WHAT TO WORK ON = A single figure is the whole answer: the number of lines in the entries that contain "розвиток".

MATERIAL FOR THIS TASK =
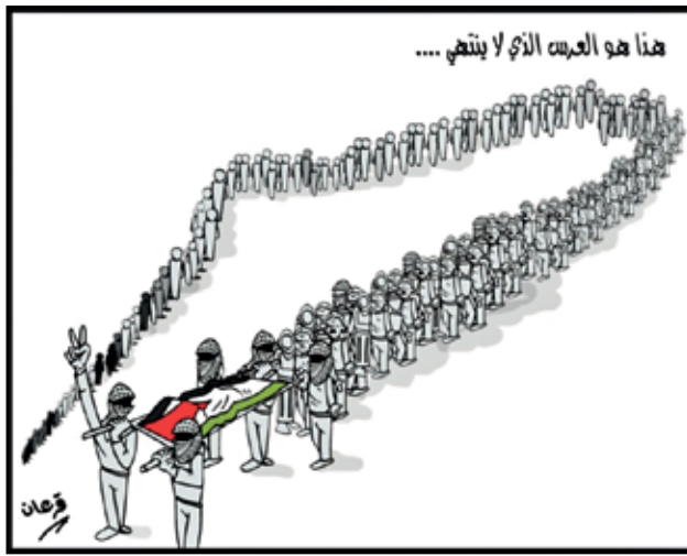
شهداء فلسطينية تضحية مستمرة
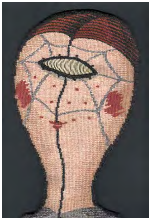
KISS Katalin: Maszk III. | Katalin KISS: Mask III 1991, gyapjú, francia kárpit, formára szőtt minitextil, 28x17 cm
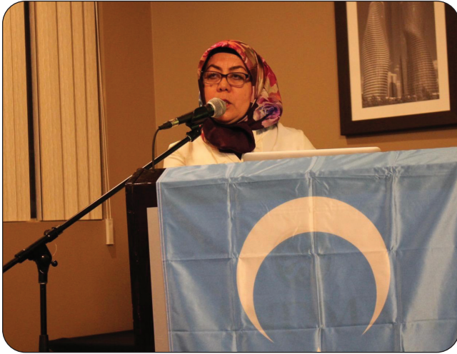
مۇتەللىپ كانادانىڭ تورونتو شەھىرىدە «5-فېۋرال» غۇلجا ئىنقىلابى ھەققىدە لېكسىيە سۆزلىمەكتە
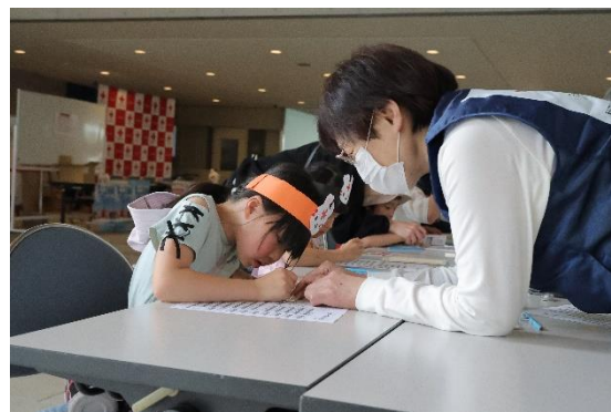
点訳奉仕団による点訳体験

赤十字有功章受章者の有志により組織されている「秋田県赤十字有功会」の事務局として、会の円滑な運営と活動の推進に努める。
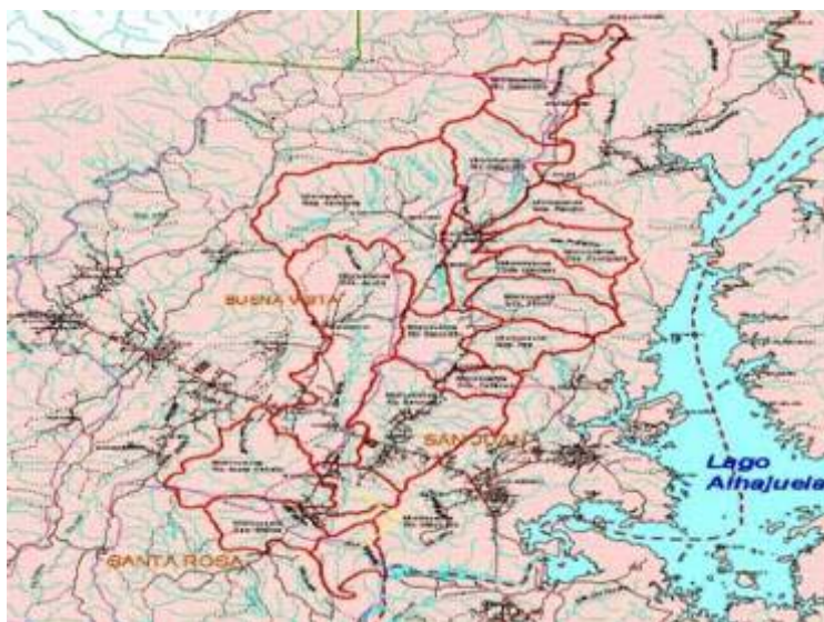
Figura 1. Ubicación de la sub cuenca del río Gatuncillo.

El silvopastoreo se presenta como una opción promisoriosa que por sus resultados y proyección constituyen un importante paso para incrementar la productividad y sostenibilidad animal en el trópico.
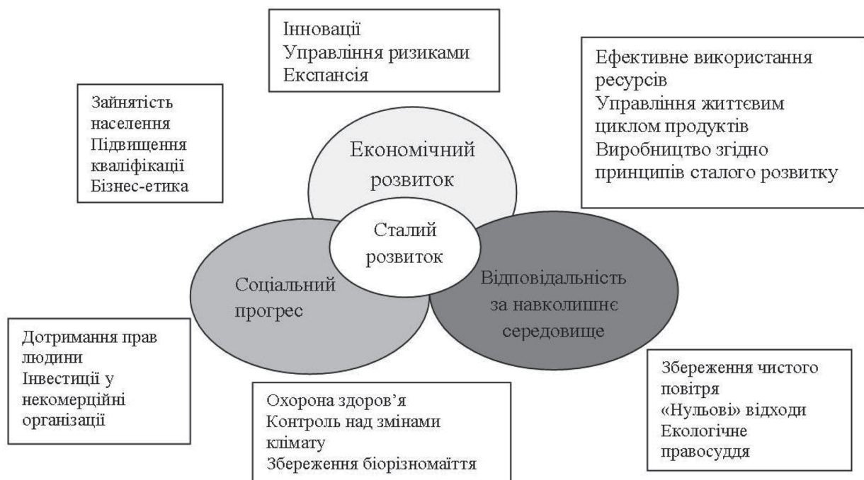
Рис. 2. Сталий розвиток підприємства

Обсяг притягнутих в сферу зв'язку та інформатизації інвестицій становив у 2014 р. 1,86 $ млрд., що на 9,3% менше ніж станом у минулий рік [5, 6]. При цьому, ураховуючи провідну роль розвитку сфери зв'язку та інформатизації в процесі розвитку економіки країни, а також ураховуючи існуючу закономірність пропорційно-випереджального розвитку телекомунікацій стосовно економіки країни (закон Джипа [9]) необхідним становиться перехід цієї сфери до такого типу розвитку, який дозволив забезпечити цей розвиток. Тому, оскільки на сьогодні екстенсивний тип розвитку підприємств недостатньо ефективний, а інтенсивний та інноваційний потребують суттєвих інвестицій, підприємствам доцільно удаватися до концепції сталого розвитку, яка у загальному вигляді наведена на рис. 2.
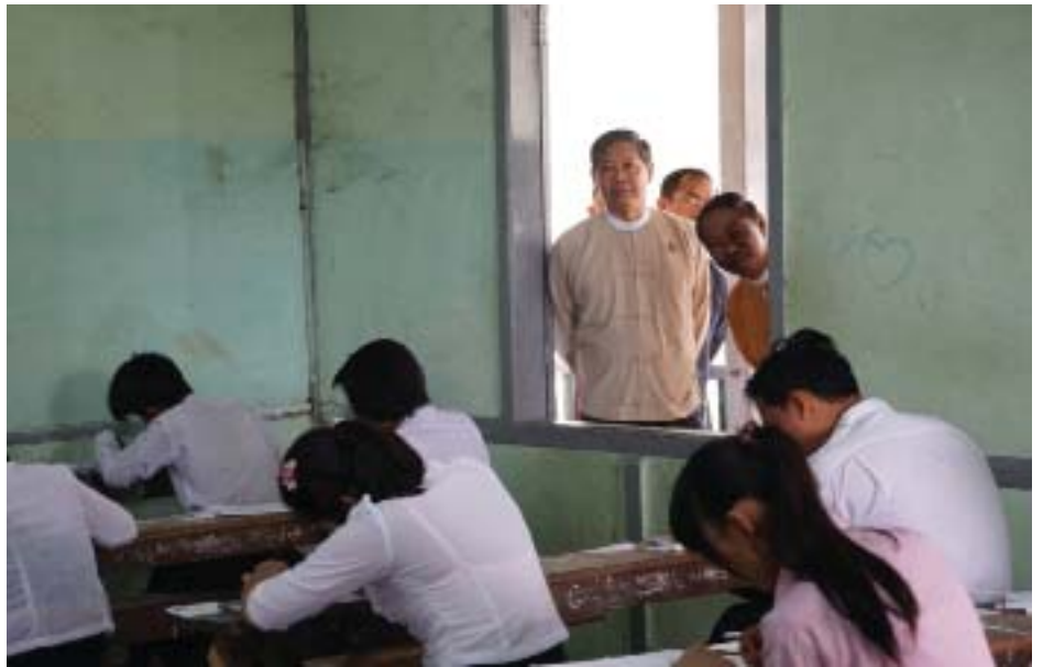
သတင်းစဉ်

ကျောင်း၊ ဇေယျာသီရိမြို့နယ် အခြေခံပညာအထက်တန်းကျောင်း (ရေဆင်း)၊ ပုဗ္ဗသီရိမြို့နယ် အမှတ်(၃)အခြေခံပညာအထက်တန်းကျောင်းနှင့် အမှတ်(၁၃) အခြေခံပညာအထက်တန်းကျောင်းများရှိ စာစစ်ဌာနများ၌ ကျောင်းသားကျောင်းသူများ၏ စာမေးပွဲဖြေဆိုနေမှုများနှင့် စာမေးပွဲဆိုင်ရာလုပ်ငန်း ဆောင်ရွက်နေမှုများကို လှည့်လည်ကြည့်ရှုသည်။
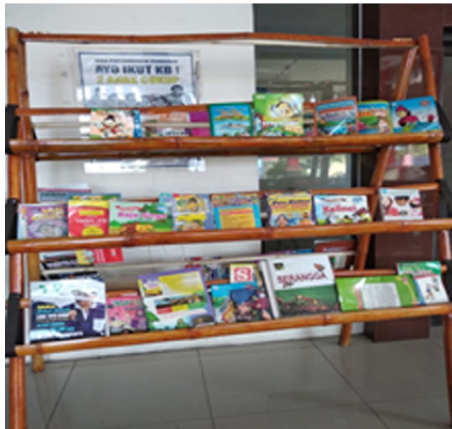
Gambar 4. Rak buku pada taman baca desa Grogol (Mitra 2)

SOLUTION FOR THIS EXERCISE = 2